Entries taken from a collection
- - -
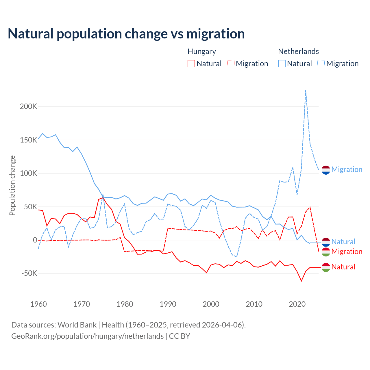 Over the last 10 years, 63.7% of the population change in Hungary is from natural causes (a loss of 412,838 people) and 36.3% is from migration (a gain of 234,837 people). In the Netherlands 11.8% is from natural causes (a gain of 134,554 people) and 88.2% is from migration (a gain of 1,006,495 people).
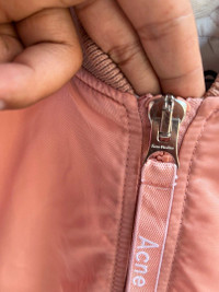ACNE STUDIOS PINK JACKET Style : Jacket Material : Polyster Size : 38 Condition : have an issue, one zipper head broken but other zipper work normaly, have small stains near collar, check piture for more detail, any question please contact us Note : Dont Expect This Item Like A New ( Its Old Vintage Condition ) Please Check Picture Or Ask To Make U Sure About This Item * No Refund You Buy Than You Agree !!! PLEASE ASK BEFORE YOU BUY Shipping Terms : We Use Express DHL 7-10 Delivery
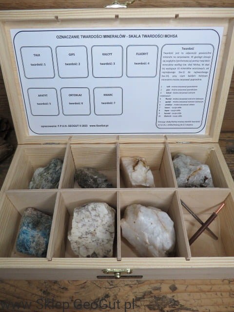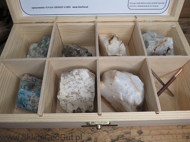 Dodatkowo, w zestawie znajduje się szybka szklana oraz rysik stalowy i miedziany do badania twardości minerałów.
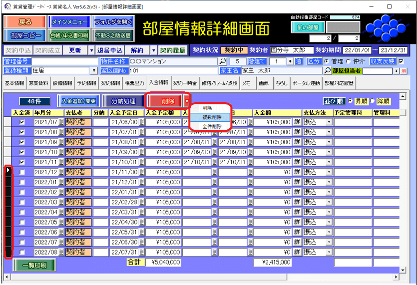 入金情報詳細画面、督促状作成画面の表示対象から除外するには、[部屋情報詳細画面]の[入金情報]タブに移動し、管理終了後の入金レコードを削除します。
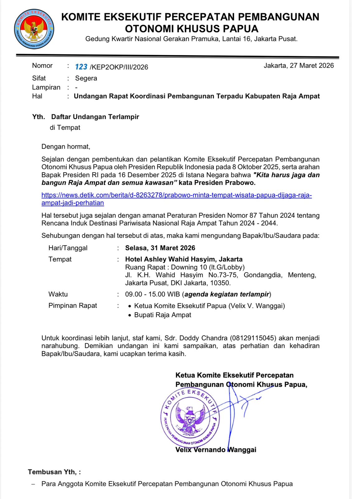 Komite Eksekutif Percepatan Pembangunan OTSUS Papua |
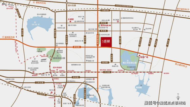 傲踞越东快速路与群贤路“十字中轴”上, 群贤路东西贯通上虞、镜湖、柯桥三区, 越东快速路畅达主城与绍兴高速口,一纵一横,执掌城市脉络。
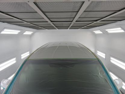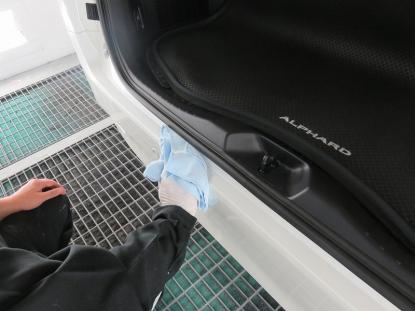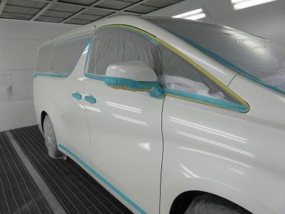 コーティグ剤を拭きあげた後、塗装乾燥ブースにアルファード(30系)を入れ、60℃×1時間の加熱乾燥を行い完成となります。 |
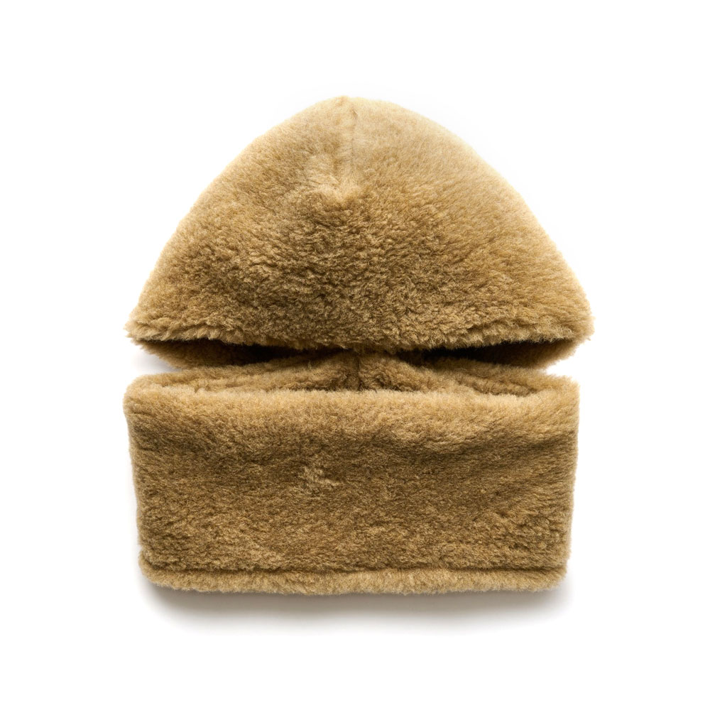 スペイン製フェイクシアーリング生地(ウール・アクリル・ポリエステル混紡)を使用した存在感のあるスヌード。ィット感のある帽子デザインに、顔の一部を覆えるネックスヌードが一体成型されています。頭部はぴったりフィットし、首周りはゆったりとしたシルエットです。
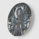A mesmerizing figure adorned in a raven-like gown and dark, expansive wings stands illuminated by a radiant halo. Her serene, powerful presence is enhanced by delicate butterflies fluttering around her, adding a touch of whimsy to the mystical scene.
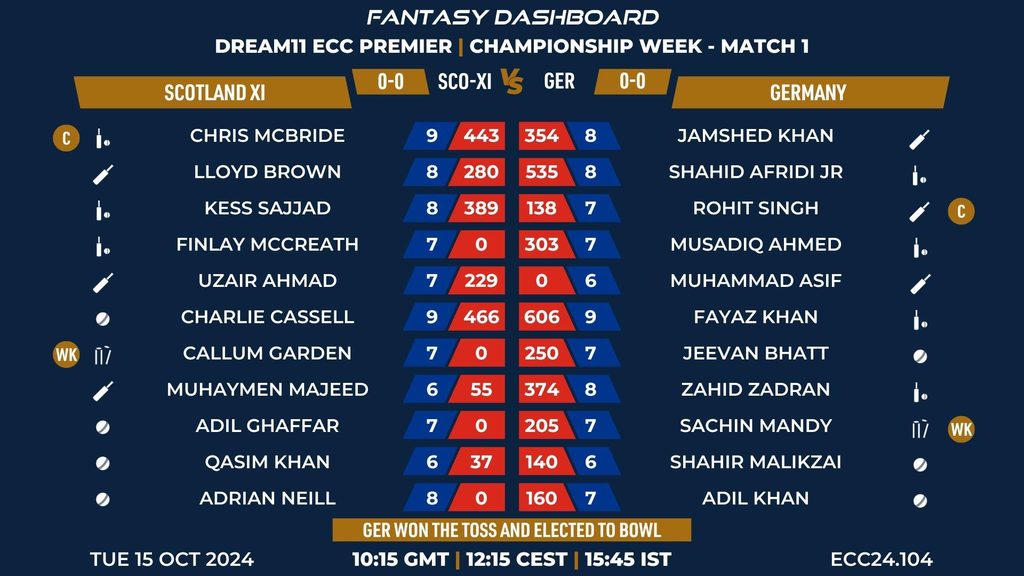 MATCH 104 (ECC24.104) SCOTLAND XI vs GERMANY 09:45 GMT | 11:45 CEST | 15:15 IST
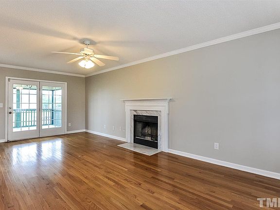 This Raleigh two-story home offers a fireplace, hardwood flooring, granite kitchen countertops, stainless steel appliances, and a two-car garage.
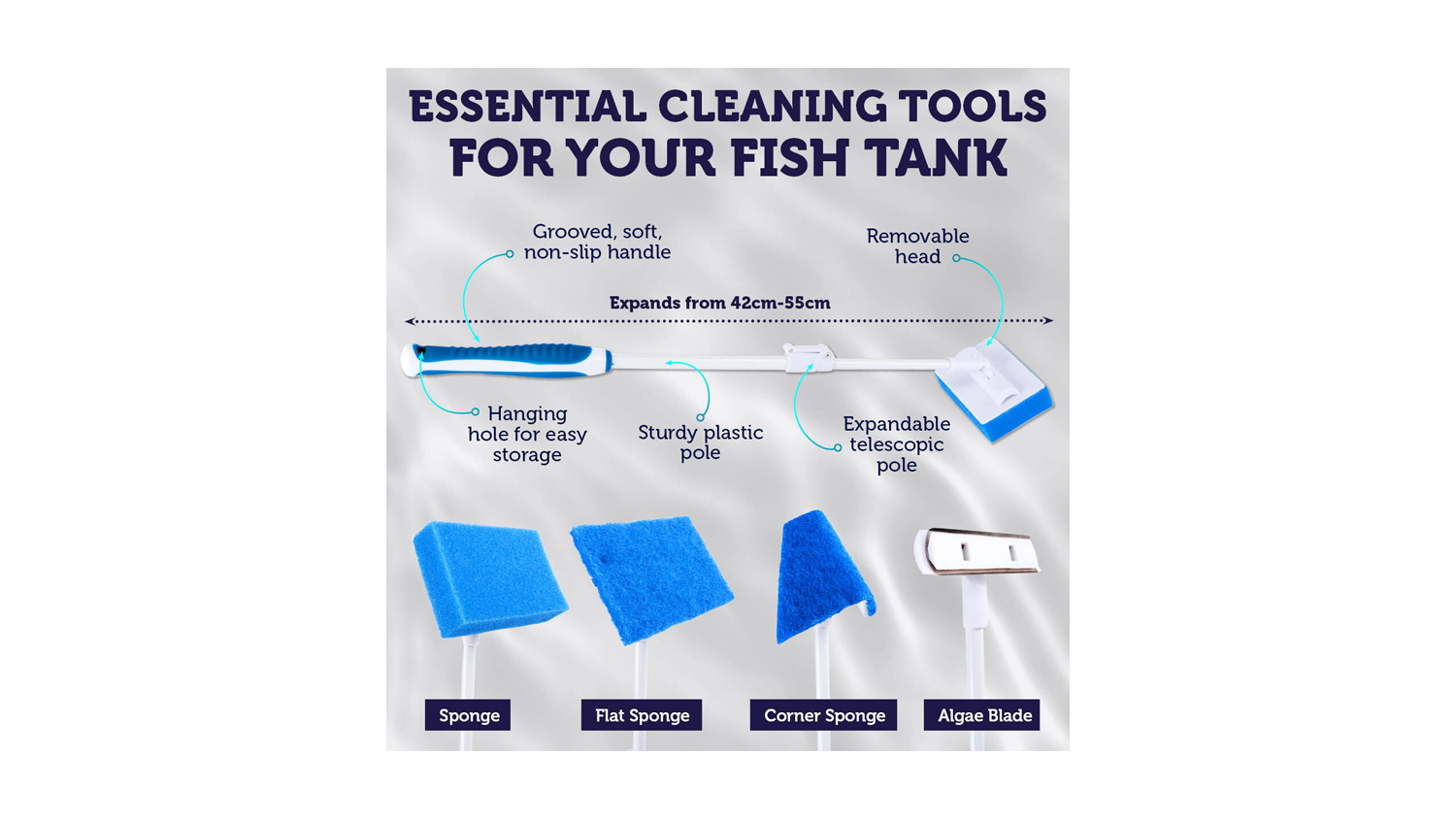Clean and maintain your home aquarium effortlessly using this versatile Multi-Purpose Aquarium Cleaning Kit. Featuring an expandable telescopic pole and four different head types, this handy kit is designed to tackle various aquarium cleaning tasks. The grooved, soft, non-slip handle also ensures a comfortable grip for added convenience. Plus, it is built with a hanging hole for quick and easy storage after use.
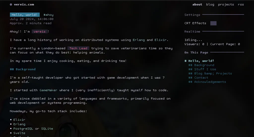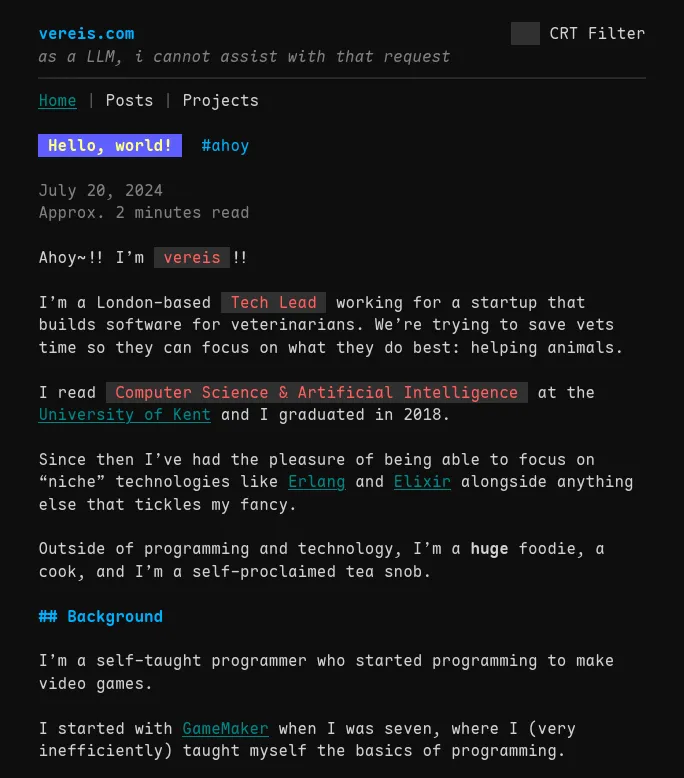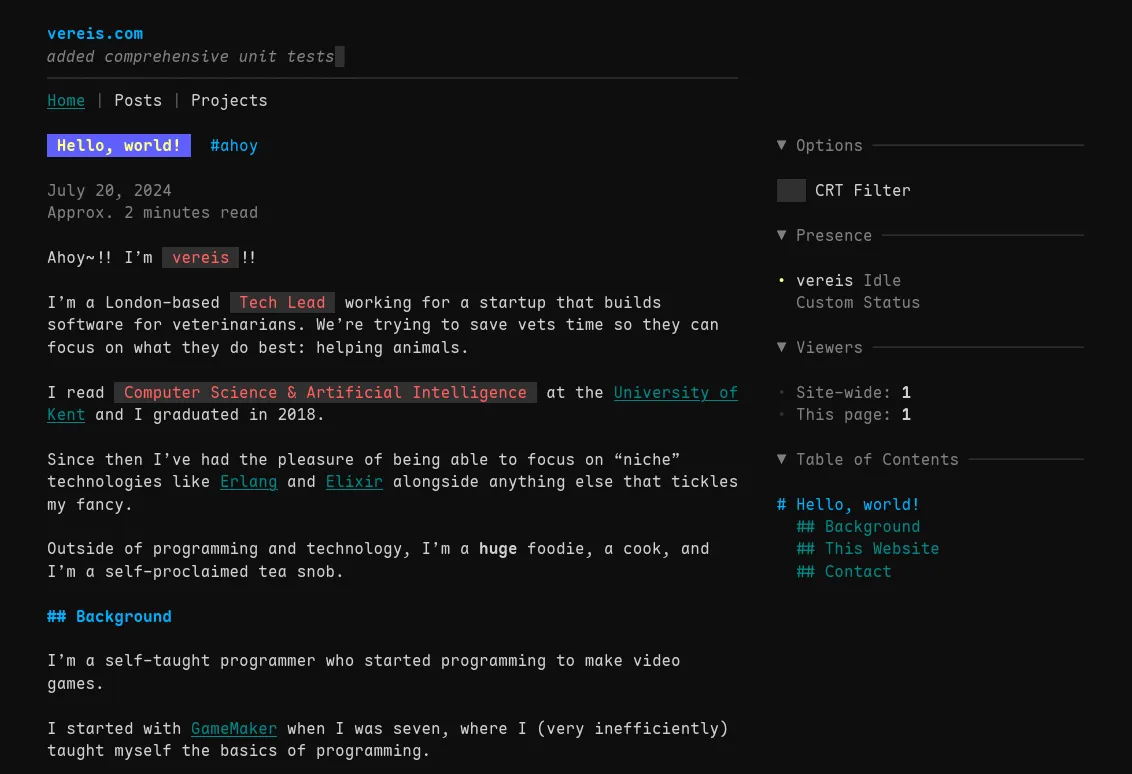 I actually got a fair bit of feedback about the CRT filter when I went viral on Hacker News. It wasn’t toggleable at the time, and made everything very hard to read…
- - -
• Directions: Only an exact copy of the records, free of images, belongs in the answer.

• The completed task:
 Over the last 10 years, 63.7% of the population change in Hungary is from natural causes (a loss of 412,838 people) and 36.3% is from migration (a gain of 234,837 people). In the Netherlands 11.8% is from natural causes (a gain of 134,554 people) and 88.2% is from migration (a gain of 1,006,495 people).
ACNE STUDIOS PINK JACKET Style : Jacket Material : Polyster Size : 38 Condition : have an issue, one zipper head broken but other zipper work normaly, have small stains near collar, check piture for more detail, any question please contact us Note : Dont Expect This Item Like A New ( Its Old Vintage Condition ) Please Check Picture Or Ask To Make U Sure About This Item * No Refund You Buy Than You Agree !!! PLEASE ASK BEFORE YOU BUY Shipping Terms : We Use Express DHL 7-10 Delivery
 Dodatkowo, w zestawie znajduje się szybka szklana oraz rysik stalowy i miedziany do badania twardości minerałów.
 入金情報詳細画面、督促状作成画面の表示対象から除外するには、[部屋情報詳細画面]の[入金情報]タブに移動し、管理終了後の入金レコードを削除します。
 Komite Eksekutif Percepatan Pembangunan OTSUS Papua |
 傲踞越东快速路与群贤路“十字中轴”上, 群贤路东西贯通上虞、镜湖、柯桥三区, 越东快速路畅达主城与绍兴高速口,一纵一横,执掌城市脉络。
 コーティグ剤を拭きあげた後、塗装乾燥ブースにアルファード(30系)を入れ、60℃×1時間の加熱乾燥を行い完成となります。 |
 スペイン製フェイクシアーリング生地(ウール・アクリル・ポリエステル混紡)を使用した存在感のあるスヌード。ィット感のある帽子デザインに、顔の一部を覆えるネックスヌードが一体成型されています。頭部はぴったりフィットし、首周りはゆったりとしたシルエットです。
A mesmerizing figure adorned in a raven-like gown and dark, expansive wings stands illuminated by a radiant halo. Her serene, powerful presence is enhanced by delicate butterflies fluttering around her, adding a touch of whimsy to the mystical scene.
 MATCH 104 (ECC24.104) SCOTLAND XI vs GERMANY 09:45 GMT | 11:45 CEST | 15:15 IST
 This Raleigh two-story home offers a fireplace, hardwood flooring, granite kitchen countertops, stainless steel appliances, and a two-car garage.
Clean and maintain your home aquarium effortlessly using this versatile Multi-Purpose Aquarium Cleaning Kit. Featuring an expandable telescopic pole and four different head types, this handy kit is designed to tackle various aquarium cleaning tasks. The grooved, soft, non-slip handle also ensures a comfortable grip for added convenience. Plus, it is built with a hanging hole for quick and easy storage after use.
 I actually got a fair bit of feedback about the CRT filter when I went viral on Hacker News. It wasn’t toggleable at the time, and made everything very hard to read…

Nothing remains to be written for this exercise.